SSL/TLS dynamic key generation

Question

On this project of mine I needed to implement secure connection using SSL/TLS between a client and a server. I found a good article about that so I've managed to do my task without any problem.

This is the article .

My question is pretty simple but I cannot find an answer anywhere. In this particular case, my clients have the same key in the SSL protocol which is created through tutorial on a previous link and put in some kind of a file. Potential problem in this process is that someone can access that file and since every client has that key, someone can listen to all connections.
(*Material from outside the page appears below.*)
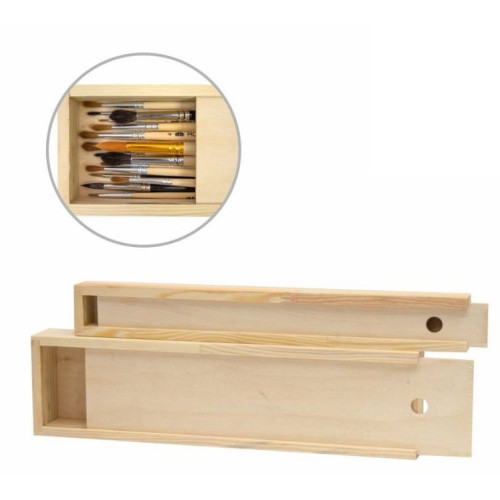 Пенал для кистей деревянный ПК - простой и удобный деревянный ящик для хранения и транспортировки кистей, карандашей, маркеров, угля и других мелких художественных материалов.
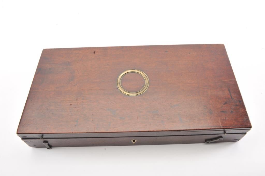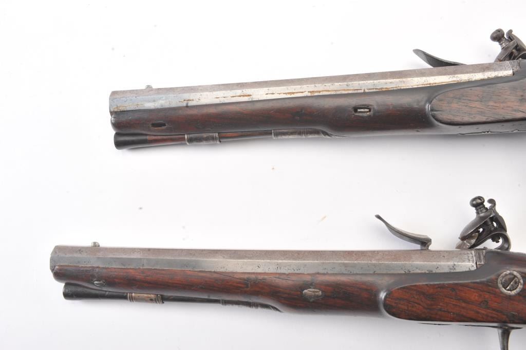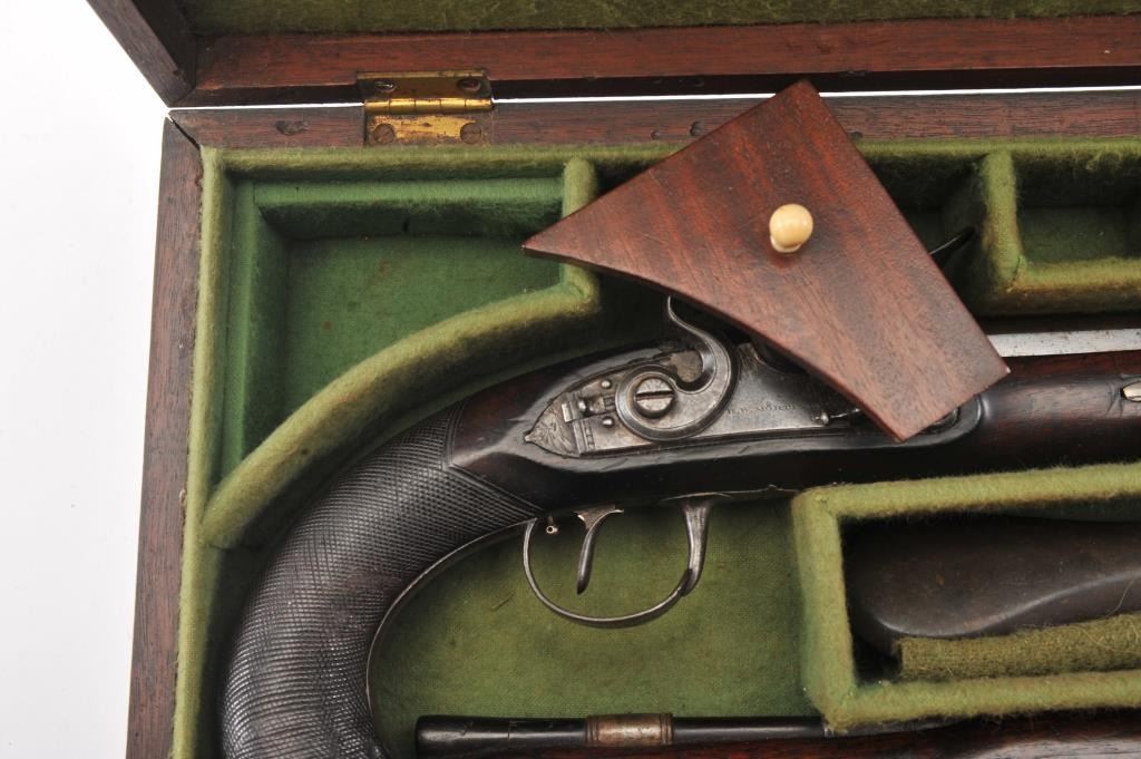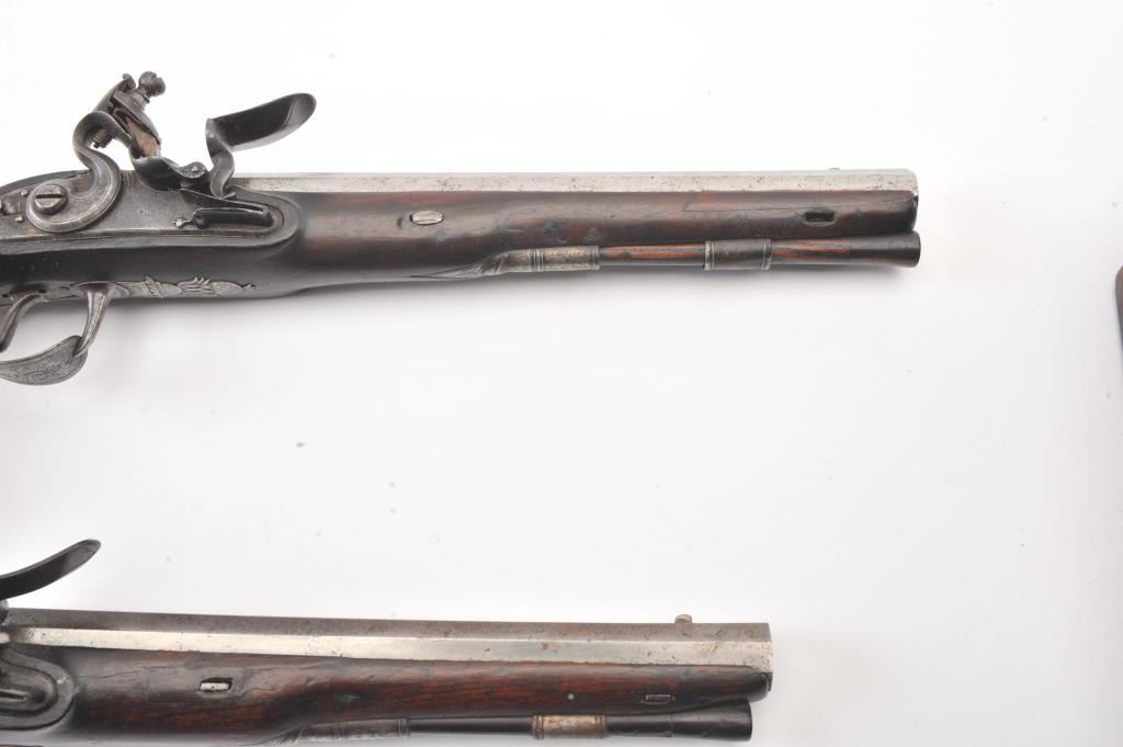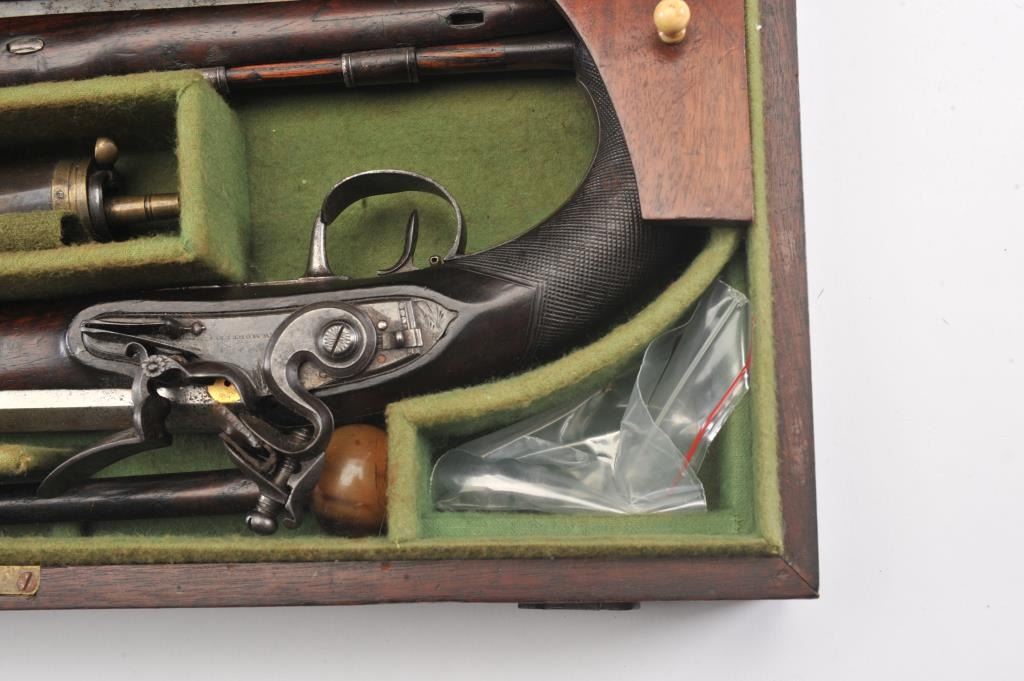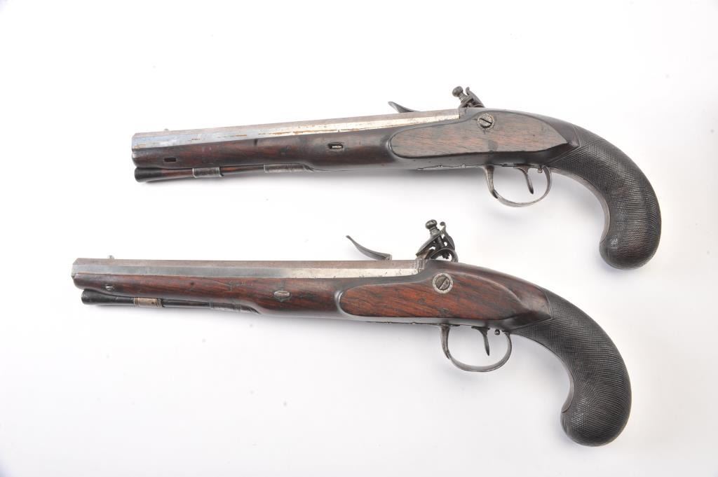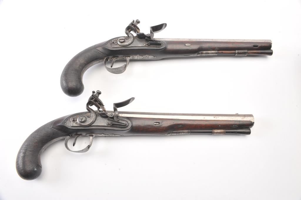 Pair of flintlock dueling pistols by H.W. Mortimer London circa 1790 to early 1800s cased with accessories. Measures 15” overall with a 9 7/8” octagon barrel of .60 caliber smoothbore with full stocks and checkeredgrip. Original flintlock with correct parts. Gold touch holes. Good overall condition with natural patina and hints of case colors in brown on the locks. The trigger guard engraving is fairly sharp but no finishremains. The grip and stocks are good to very good with a little wear to the checkering. Original rods and set triggers. The case is a very old re-line done in Britain probably later in 19th century and very good plus with minor discoloration. The exterior of oak case is good with normal cracks and scratches with carry ring and proper hardware. A nice original set by a premier maker. (Antique) Est.: $6,000-$12,000

What I wanted to ask, is there any chance to dynamically generate keys every time some client wants to access the server and put the generated key in the server truststore?

UPDATE

public static final String PATH_TO_ANDROID_KEYSTORE = "and/client.bks";
public static final String PATH_TO_ANDROID_TRUSTSTORE = "and/clienttruststore.bks";

String pathToKeyStore = PATH_TO_ANDROID_KEYSTORE;
String pathToTrustStore = PATH_TO_ANDROID_TRUSTSTORE;

KeyStore keyStoreKeys = KeyStore.getInstance(keyStoreType);
keyStoreKeys.load(Gdx.files.internal(pathToKeyStore).read(), passphrase);

KeyStore keyStoreTrust = KeyStore.getInstance(keyStoreType);
keyStoreTrust.load(Gdx.files.internal(pathToTrustStore).read(), passphrase);

KeyManagerFactory keyManagerFactory = KeyManagerFactory.getInstance(KeyManagerFactory.getDefaultAlgorithm());
keyManagerFactory.init(keyStoreKeys, passphrase);

TrustManagerFactory trustManagerFactory = TrustManagerFactory.getInstance(TrustManagerFactory.getDefaultAlgorithm());
trustManagerFactory.init(keyStoreTrust);

This is the client code and seems like clients have exported server's certificates in their truststores but they actually use the same private key that is generated only once in the keystore using openssl tool.

Answer 1

In this particular case, my clients have the same key in the SSL protocol which is created through tutorial on a previous link and put in some kind of a file.

Unclear. Do you mean they share the same private key? If so, that is a flaw in your system design. Every client should have its own private key. Otherwise the private key isn't, err, private. And access to that key should be via a keystore whose password only the applicion knows, which provides at least another line of defence.

If you just mean that they all have an exported copy of the server's certificate , in their truststores , there is no security risk attached to that at all: it is perfectly normal.

Potential problem in this process is that someone can access that file and since every client has that key, someone can listen to all connections.

No they can't. SSL is immune to man-in-the-middle attacks provided you don't compromise your server's private key, but if you're talking about client private keys they can masquerade as a real client even if they aren't, if they can break through the keystore-password barrier.

What I wanted to ask, is there any chance to dynamically generate keys every time some client wants to access the server and put the generated key in the server truststore?

Not securely, and not online. If your genuine clients can do it, so can an attacker. That's why trust material must be distributed offline.